Zero diz que plantação de abacates em Alcácer do Sal pode ser “machadada” na conservação



A associação ambientalista Zero considerou sexta-feira que o projeto de plantação de pera-abacate previsto no concelho de Alcácer do Sal (Setúbal), cuja consulta pública terminou na quarta-feira, “pode ser mais uma machadada” na conservação da natureza.

De acordo com a Zero, em comunicado enviado à agência Lusa, o projeto do grupo Aquaterra “propõe a instalação de um empreendimento agroindustrial, com mais de 800 hectares (ha), para a produção e exportação de abacate, em plena Zona Especial de Conservação (ZEC) da Comporta/Galé, em área de habitats dunares”.

Esta “monocultura de regadio dependerá de 34 furos de captação de água subterrânea e do abastecimento do perímetro de rega do Vale do Sado”, apontou.

O período de consulta pública do Estudo de Impacte Ambiental (EIA) do Projeto Agroflorestal das Herdades de Murta e Monte Novo, em Alcácer do Sal, promovido pela empresa Expoente Frugal Lda, do grupo Aquaterra, decorreu entre 12 de dezembro de 2023 e a passada quarta-feira.

O processo, que está agora em análise, contou com 341 participações, de acordo com a informação disponível no portal Participa (www.participa.pt), consultado hoje pela agência Lusa.

No entender da associação Zero, este projeto pode pôr em causa os recursos hídricos da região.

“Para a produção de abacate, o promotor dimensionou o sistema de rega contando com um uso anual de mais de quatro milhões de metros cúbicos (4 hm³) de água, cerca de 3 hm³ provenientes de águas subterrâneas e 1 hm³ do Aproveitamento Hidroagrícola do Vale do Sado (AHVS)”, lê-se no comunicado.

Segundo a Zero, “para justificar o direito ao uso destas quantidades de água subterrânea, o grupo Aquaterra contraria os valores considerados pela entidade competente quanto aos recursos hídricos disponíveis nos aquíferos, propondo critérios próprios para pintar um cenário mais favorável a fim de justificar uma maior extração de água”.

“A massa de água subterrânea em questão, denominada Bacia Tejo–Sado/Margem Esquerda, tem já apresentado indícios de sobre-exploração nalgumas áreas”, alertou.

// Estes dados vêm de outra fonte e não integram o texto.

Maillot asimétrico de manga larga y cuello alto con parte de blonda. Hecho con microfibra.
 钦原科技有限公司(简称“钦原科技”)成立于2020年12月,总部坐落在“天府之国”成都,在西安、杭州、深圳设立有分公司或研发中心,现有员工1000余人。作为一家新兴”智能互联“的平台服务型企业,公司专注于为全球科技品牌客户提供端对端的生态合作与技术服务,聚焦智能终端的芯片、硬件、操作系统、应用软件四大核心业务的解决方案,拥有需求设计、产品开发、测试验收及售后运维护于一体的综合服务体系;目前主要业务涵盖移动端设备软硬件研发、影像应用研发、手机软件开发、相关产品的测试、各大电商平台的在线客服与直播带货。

E, “quanto ao uso da água proveniente das barragens do Vale do Gaio e Pego do Altar, esta só poderia ser feita com uma autorização de água a título precário, dado que os terrenos a regar estão fora do perímetro de rega” do AHVS, frisou a Zero.

No documento, a associação lembrou que “o Governo restringiu a contratualização de água proveniente de perímetros de rega coletivos públicos para culturas permanentes, como salvaguarda da capacidade de gestão da água face a situações de maior escassez”.

“O projeto desenvolve-se nos limites da Reserva do Estuário do Sado, em ecossistemas com habitats dunares com zimbrais e outras espécies protegidas ao abrigo da Diretivas Habitats e Aves”, e onde foram “identificadas espécies RELAPE, endemismos ibéricos e lusitânicos”.

Para a Zero, a “proliferação de projetos turísticos e de intensificação agrícola tem levado a uma artificialização da ZEC da Comporta/Galé, ultrapassando já os 4.000 ha”.

“Caso o projeto venha a ser aprovado, as áreas incompatíveis com a conservação dos valores naturais protegidos irão atingir cerca de 17 a 18% da área classificada, pondo em causa a integridade” desta ZEC.

A associação ambientalista ressalvou que “a artificialização de áreas classificadas” está a pôr em “risco” as “metas de proteção da natureza”

“No entanto, de pouco serve possuir área com proteção legal para a conservação e recuperação da biodiversidade se, na prática, largas proporções são transformadas através de empreendimentos incompatíveis com estes fins. Por uma questão de honestidade, para o cálculo deveriam ser apenas consideradas as áreas onde esta proteção efetivamente ocorre”, argumentou.